◆ Work request ◆
What is printed must match, line for line, the records from their first line through the line containing "Gri keten kumaştan, V", with pictures left out.

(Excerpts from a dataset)
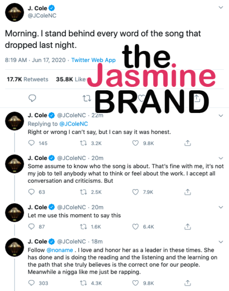 Because of the backlash he received on social media for the song, J.Cole took to his twitter to stand by his lyrics in the single,
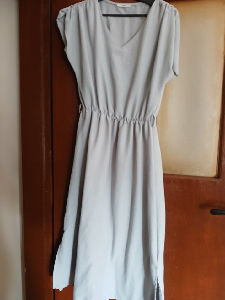 Gri keten kumaştan, V yakalı ve kolsuz uzun salaş elbise. Drapeli tasarımı ve minimalist tarzıyla günlük rahat kullanım için uygundur.
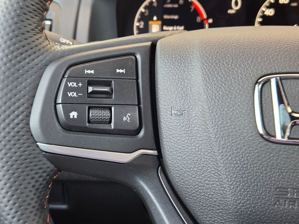 This vehicle comes well equipped with Nh-877p/Black Leather Nh-877p/Black Leather, 4-Wheel Disc Brakes, 4.33 Axle Ratio, 7 Speakers, ABS brakes, Air Conditioning, Alloy wheels, AM/FM radio: SiriusXM, Auto-dimming Rear-View mirror, Automatic temperature control, Blind Spot Information (BSI) System warning, Bluetooth® Hands-Free Link, Brake assist, Bumpers: body-color, Compass, Delay-off headlights, Driver door bin, Driver vanity mirror, Driver's Seat Mounted Armrest, Dual front impact airbags, Dual front side impact airbags, Electronic Stability Control, Emergency communication system: HondaLink Assist, Exterior Parking Camera Rear, Four wheel independent suspension, Front anti-roll bar, Front Bucket Seats, Front dual zone A/C, Front fog lights, Front reading lights, Fully automatic headlights, Garage door transmitter: HomeLink, Heated door mirrors, Heated Front Bucket Seats, Heated front seats, Heated steering wheel, Honda Satellite-Linked Navigation System, Illuminated entry, Leather Seat Trim, Leather steering wheel, Low tire pressure warning, Memory seat, Navigation system: Honda Satellite-Linked Navigation System, Occupant sensing airbag, Outside temperature display, Overhead airbag, Overhead console, Panic alarm, Passenger door bin, Passenger seat mounted armrest, Passenger vanity mirror, Power door mirrors, Power driver seat, Power moonroof, Power passenger seat, Power steering, Power windows, Radio data system, Radio: 215-Watt Audio System with 7 Speakers, Rear air conditioning, Rear anti-roll bar, Rear reading lights, Rear seat center armrest, Rear step bumper, Rear window defroster, Remote keyless entry, Security system, SiriusXM, Speed control, Speed-sensing steering, Split folding rear seat, Steering wheel mounted audio controls, Tachometer, Telescoping steering wheel, Tilt steering wheel, Traction control, Trip computer, Turn signal indicator mirrors, Variably intermittent wipers, and Wheels: 18" Trailsport Shark Gray Alloy.
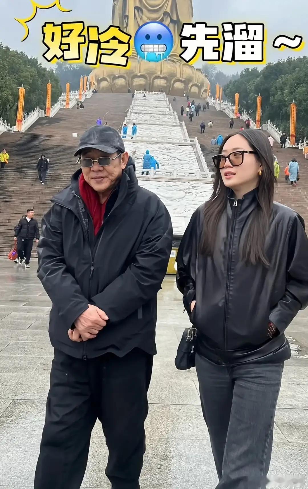 李连杰九华山祈福,小女儿随行长得像利智,他挽着女儿走眼神宠溺!!!
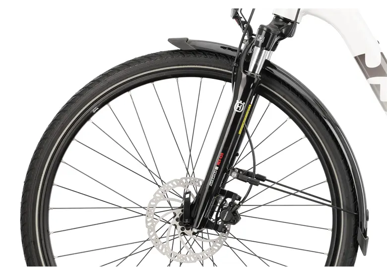 Amortyzowany widelec SR Suntour NEX-E25 o skoku 50 mm skutecznie tłumi nierówności, krawężniki oraz miejskie przeszkody, poprawiając komfort jazdy i zmniejszając zmęczenie podczas dłuższych tras.

◆ Task solution ◆
 Because of the backlash he received on social media for the song, J.Cole took to his twitter to stand by his lyrics in the single,
 Gri keten kumaştan, V yakalı ve kolsuz uzun salaş elbise. Drapeli tasarımı ve minimalist tarzıyla günlük rahat kullanım için uygundur.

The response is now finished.